The Backfitting Algorithm
Used to fit additive models; allows one to use an arbitrary smoother (spline, Loess, kernel) to estimate the fk; solves these p estimating equations iteratively; at each stage, replaces the conditional expectation of the partial residuals Y–B0-Σk!=j fk(xk) with a univariate smooth.
Backfitting algorithm:
- Initialize. Set b0=Ybar and set the fk functions to be something reasonable (linear regression). Set the fk vectors to match.
- Cycle. For j = 1, . . . , p set fk=S[Y–B0-Σk!=j fk|x.k] and update the fk to match.
- Iterate. Repeat step 2 until the changes in the fk between iterations are sufficiently small.
The iterative solution for this has the structure of a Gauss-Seidel algorithm for linear systems (Hastie/Tibshirani).

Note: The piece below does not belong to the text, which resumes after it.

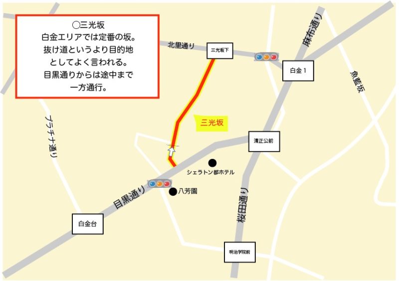 目黒通りからは一方通行で進入し、途中から「三光坂下」までは相互通行です。

Converges: for smoothers (spline, kernel, not Loess) that correspond to a symmetric smoothing matrix with all eigenvalues in (0,1); solution is unique unless there is concurvity (solution depends upon the initial conditions). Concurve space of Pg=Qh (estimating equations basis form) is the set of additive functions such that Pg=0.
Generalized Linear Models
Assumes that there is a link function g(y) such that g(E[Y|x])=xTB (McCullagh/Nelder).
Generalized additive model expresses the link function as an additive, rather than linear, function of x; GLMs are fit by iterative scoring, a form of iteratively reweighted least squares, the GAM modifies backfitting in a similar way (Hastie/Tibshirani 1990).